A provision in the Affordable Care Act to expand Medicaid coverage has been adopted by 26 states, and more than 6 million people newly enrolled in the government backed health-care program over the past year. That's been a big boon to companies like Medicaid-focused WellCare Health Plans, Inc. (NYSE:WCG) and Molina (NYSE:MOH) because it earns billions of dollars a year running state Medicaid programs.
However, results at these niche insurers could be substantially better if more states choose to embrace Medicaid expansion. Currently, 24 states either continue to debate it, or outright oppose it.
Private option comes up short
A proportionately large number of non-expansion states are in the South, a region that arguably could benefit significantly from improving access to care given its proportion of low-income earners.
Although most of the southern states balked at expansion, Arkansas is one of six states that attempted to address the low-income uninsured by launching a private option Medicaid alternative.

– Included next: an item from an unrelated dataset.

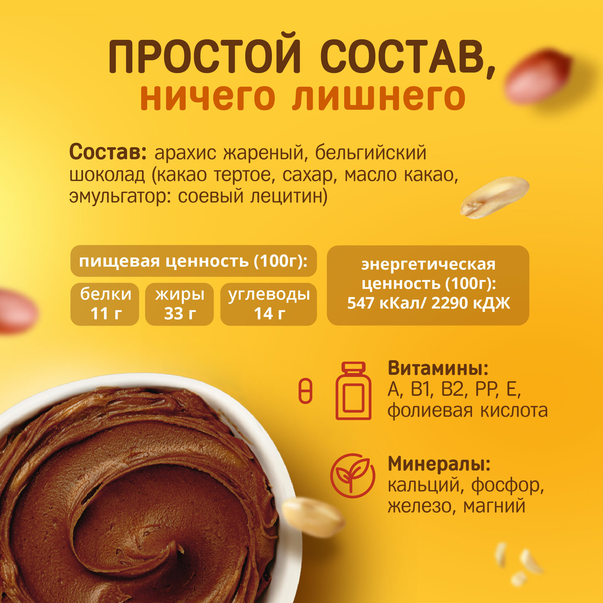 | Состав | жареный арахис, молочный шоколад |

It's likely other states that have yet to expand Medicaid have been watching the experiment in Arkansas closely; however, based on early results, it's doubtful many more states will embrace it.
Arkansas's private option alternative calls for the state to subsidize the purchase of plans on the public marketplace rather than covering newly eligible recipients through Medicaid itself. Ahead of implementation, the state expected the cost to insure each person on its plan would be $437 per month, but costs are running closer to $500 instead. That puts Arkansas on the hook for millions of dollars in over-running costs that aren't being reimbursed by Washington. Overall, Arkansas' private option has racked up more than $10 million in overages since January.
That's causing a political nightmare in Arkansas, where finger pointing is prompting backpedaling on the program. Eventually, Arkansas will most likely have to return hat-in-hand to Washington for help in covering the higher cost of its private-option alternative.
The failure of private-option Medicaid solutions could end up hurting insurers participating in exchanges that are benefiting from increased enrollment, but it may ultimately help increase membership for insurers that run state Medicaid programs.
Pressure to expand Medicaid remains in some states, and the private option, which had once been viewed as a more party-neutral choice, has quickly become less palatable. That could suggest that states that do end up eventually expanding may stick with Medicaid instead of this hybrid -- directly benefiting Medicaid-focused insurers like Molina and Wellcare Group, as both have significant presence in states that have not expanded Medicaid thus far. WellCare carries over 40% of its membership in non-expanding Florida and Georgia, and Molina has a substantial presence in Wisconsin, Utah, and Texas.
Profiting from expansion
While investors eagerly await insurers' second-quarter earnings to see whether marketplace plans are proving profitable, first-quarter results have already shown that Medicaid expansion has been a windfall.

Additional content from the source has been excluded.